Framing the Student Loan Problem

Framing the Student Loan Problem

Part of our investment discovery process at Loup is to identify large problems, define the problems in our structure of cost/convenience/moral, figure out the best way to solve the problem, then find the companies doing it. We plan to regularly write about problems we identify as part of our 99 Problems series. 

Student loan debt is a huge problem and a huge opportunity. In the US, there is currently $1.5T in outstanding federal student loan debt among 45 million borrowers. 10% of the outstanding debt, $150B, is over 90 days delinquent or in default. Over the next four years, this number is projected to reach 40% (Brookings).

Here are a few of the problems we’ve identified related to the student loan space.

Borrower convenience in figuring out the optimal repayment plan.
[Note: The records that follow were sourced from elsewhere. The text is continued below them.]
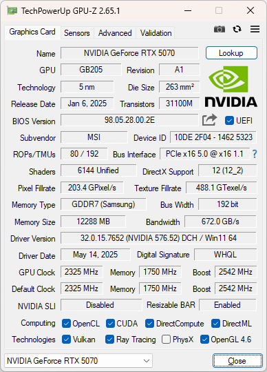 組み合わされるGPUは「GeForce RTX 5070」(以下、RTX 5070)で、試用機ではビデオカードにMSIの「GeForce RTX 5070 12G VENTUS 2X OC」が装着されていた。
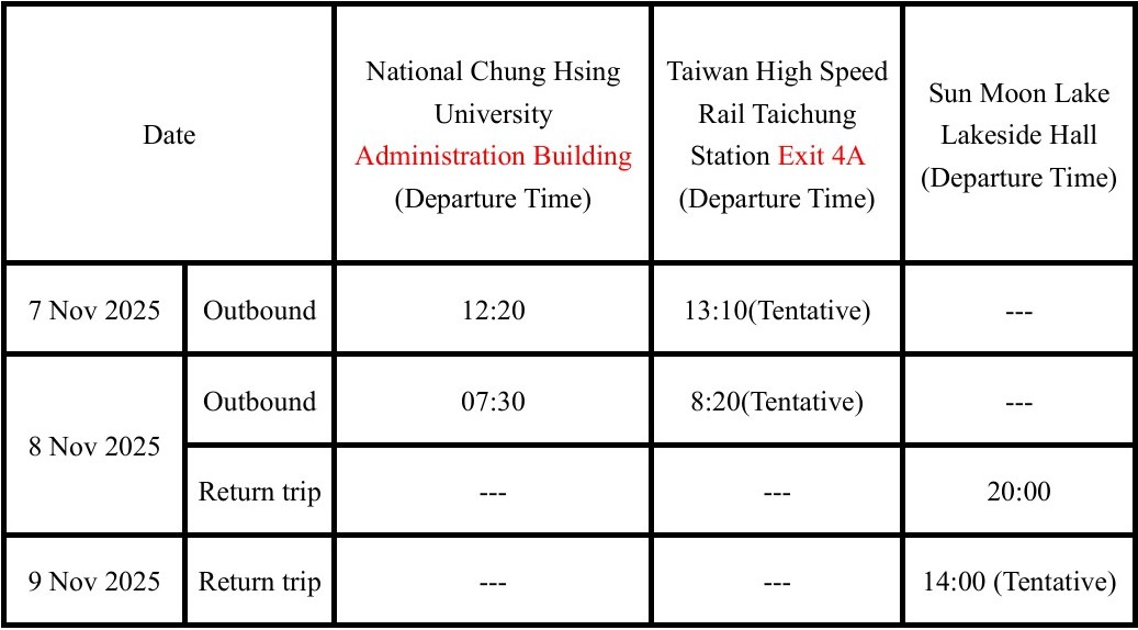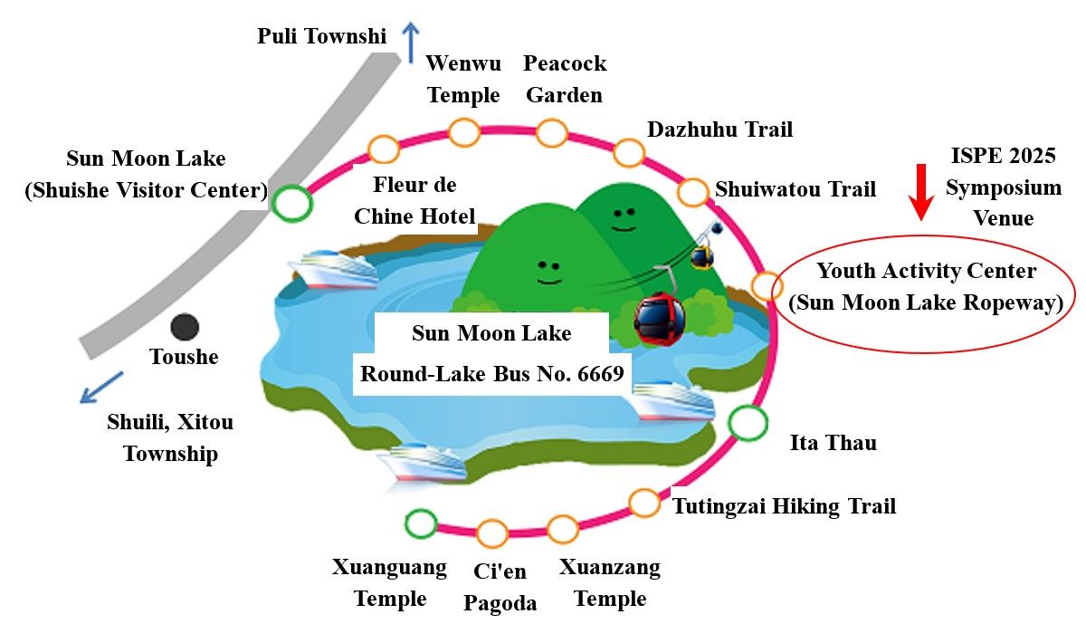 Guide to Sun Moon Lake Youth Activity Center: Click me Option 3: By using our free shuttle bus service. Pick-up location is at Taichung High Speed Rail Statio or National Chung Hsing University. The ISPE 2025 reception is at Sun Moon Lake Youth Activity Center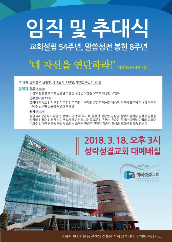 지난 3월 18일 성락성결교회(담임 지형은 목사)가 교회설립 54주년과 성전봉헌 8주년을 기념하는 임직 및 추대식을 거행했다. 아울러 말씀성전 건축 부채 200억 원을 완전히 청산하고 예배와 선교에 더욱 깊이 헌신하기로 했다.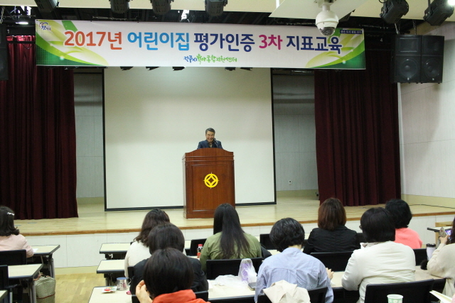 경남 진주시 육아종합지원센터는 지난 8일 오전 9시 은하수동산 다목적강당에서 어린이집 보육교직원 180명을 대상으로 '2017년 어린이집 평가인증'에 대한 지표교육을 실시했다.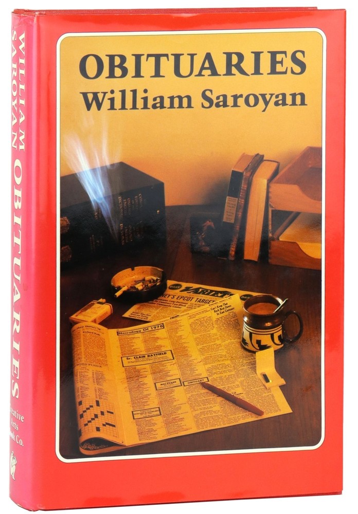 "Obituaries is not about Death, it is about that large mystery that has come out of light and is, of course, called Life. (And the hell with that, too)." Obituaries Author: William Saroyan Title: Obituaries Publication: Berkeley: Creative Arts Book Company, 1979 Description: Very Good + / Near Fine. Berkeley: Creative Arts Book Company, 1979. First Edition. Octavo (23.4 cm), [x], 354pp + 1 photo. Publisher's red and pictorial dust jacket with price intact ($15). Boards full bound in red cloth with gilt stamping on front cover and spine. Decorative endsheets. Dust jacket scuffed lightly but unobtrusively; Spine sunned; Margins and spine ends bumped and creased slightly; Verso toned at joints. Board corners and spine ends lightly bumped with minor rubbing to cloth. Page edges have minor scratches. Pages clean. A Very Good or better copy in Near Fine dust jacket. William Saroyan uses the Necrology register of Variety magazine from 1979 to comment and reflect on the lives of his, now late, contemporaries. Seller ID: 30498 Subject: Essays, First Editions Capitol Hill Books is a used bookstore located on historic Capitol Hill in Washington DC, with three floors of quality used books, first editions, and rare books. [Note: Our online inventory is stored and managed at a separate location from at our brick and mortar shop. If you have a question about an item listed online, please send a direct message here rather than calling the store so that we can make sure someone familiar with the item in question can respond.] Terms Books described only as First Editions are First Printings unless otherwise specified. All items are guaranteed to be as described or they may be returned within 30 days of receipt for a full refund. All orders ship within two business days. Standard mail is USPS Media Mail. Expedited and international shipping are also available (please contact for estimates). We offer combined shipping on multiple orders. This listing was created by Bibliopolis.
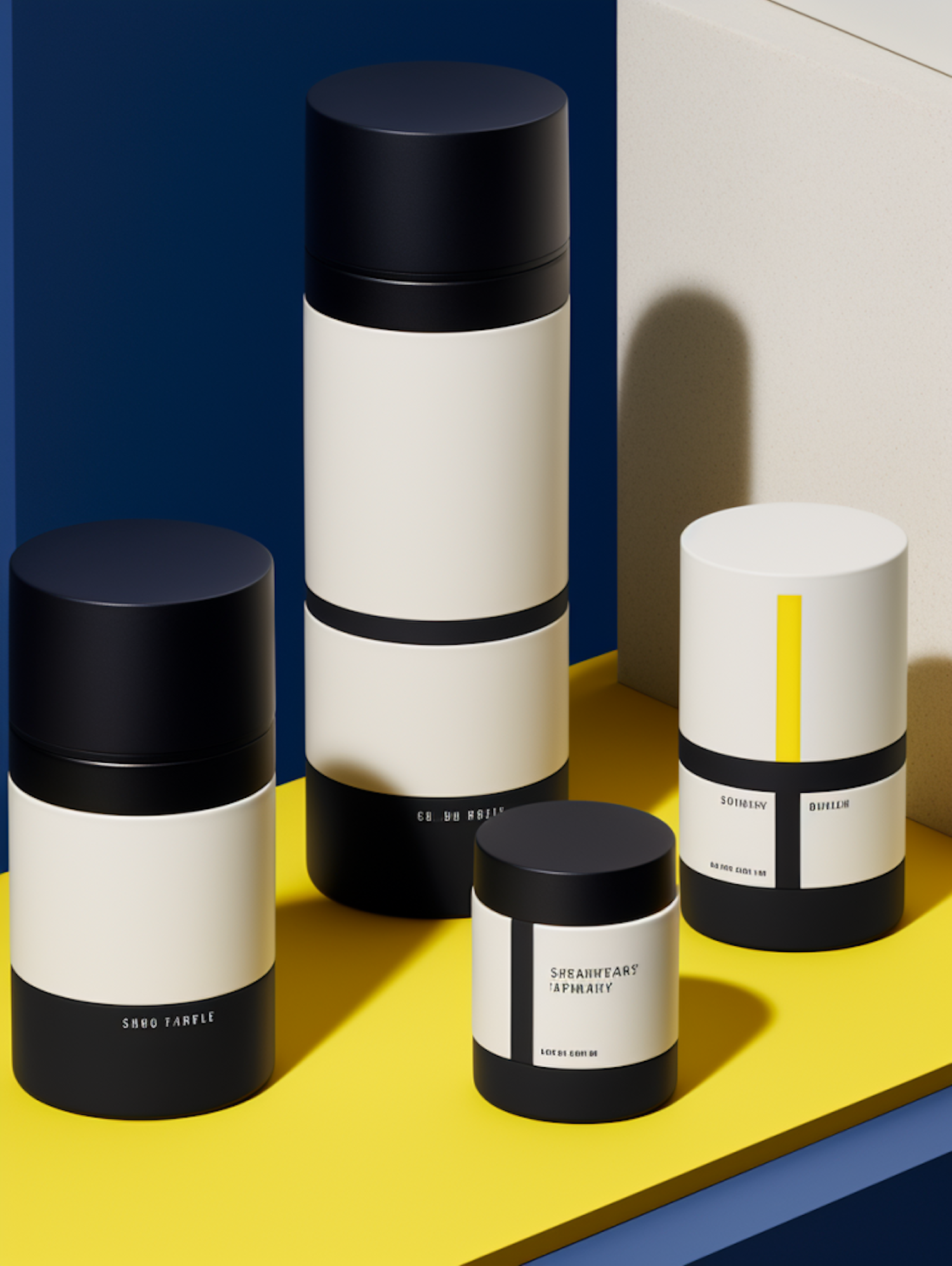 Minimalist cylindrical containers on a yellow surface with a blue background, featuring black and white design with a pop of yellow.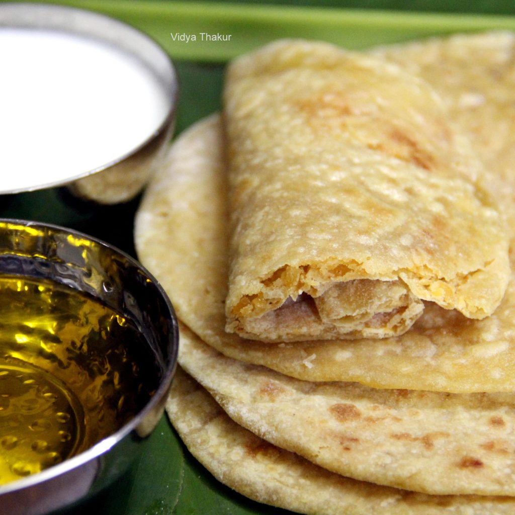 Puran Poli is a popular maharashtrian bread stuffed with bengal gram and sugar/jaggery filling. Puran polis can be eaten by dipping them in melted ghee or milk or just as is. They taste great any which way you like it.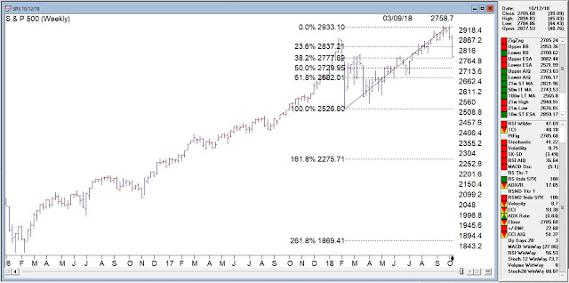 Economics aside, the current correction, and yes we are still in corrective territory can be seen in this SPX monthly chart. The Fibonacci retracement drawn from the low of the February 2018 correction to the recent high shows we’re at or past the 38.2% level. The next significant level is at 50% level of around 2729.

Paying back your loans is easy for borrowers with high-paying jobs and stable incomes who can just set up an autopay. However, most borrowers, particularly those newly graduated, don’t have this luxury. For that segment of borrowers, it’s hard to figure out the optimal repayment plan based on their unique circumstances. Current income, future income, family size, location, and living expenses all play a role in determining the right repayment plan. Borrowers are left to figure this out on their own without much guidance from the federal loan servicers. Circumstances change over time and borrowers aren’t sure if/when they should change their plan. Often, borrowers remain on the same repayment plan without understanding the long-term consequences. Products that succeed in this category must focus on ease of use and saving borrowers time.

Borrower cost of loans with higher-than-necessary rates. Companies like SoFi, Earnest, and Common Bond offer student loan refinancing and private student loans. While this helps borrows save money over the course of their loans, the products and services offered are typically limited to a small percentage of student loan borrowers that they deem “Henry” (high-earning not rich yet). According to NerdWallet, the average approved SoFi borrower has an income of $130,000 and a credit score of 766.

Refinancing can make sense for high earners, but it can remove federal provisions that benefit borrowers. If a borrower keeps their student loans with a federal loan servicer, they are able to adjust their repayment plans to one of the four income-driven repayment options, apply for forbearance when appropriate, and even have certain pathways to loan forgiveness. If a borrower refinances with SoFi or another company, they give up these protections in return for a lower interest rate.

Borrower cost of negatively amortized loans. Half of all loan borrowers (48%) have loan balances that are negatively amortized — monthly loan payments aren’t enough to cover interest payments. (Federal Reserve Bank of New York Consumer Credit Panel). If you adjust and remove borrowers currently in school, the number is closer to 39%. Borrowers with negatively amortizing loans are costing themselves more in the long run by extending the life of their loans and the amount of interest they pay. Many borrowers could sacrifice current comforts for future peace of mind by paying more for their loans today, but often don’t understand the impact that their discretionary spending has on their long-term financial health. Products that understand a person’s income and spending habits via bank data can help push borrowers toward more responsible repayment habits.

Employer cost of employee retention, productivity. Student loan debt negatively affects employee retention (ASA, EBRI) and productivity (Lockton), so employers are experimenting with student loan payments as an employee benefit. There are certain ways for employers to make these payments with pre-tax dollars, but it remains unclear and complicated for employers to navigate. Recently, Chegg announced a plan to help pay off employees’ student loans.

The solutions to these problems will differ depending on what companies are trying to solve, but winners are likely to follow current fintech trends:

  • Millennial inspired design/branding
  • Mobile first
  • Dynamic customer service
  • Wins customers without spending on traditional marketing

We expect to see more activity in the student loan space over the next few years given the magnitude of the problem. Whoever the winners end up being, it’s a problem worth solving.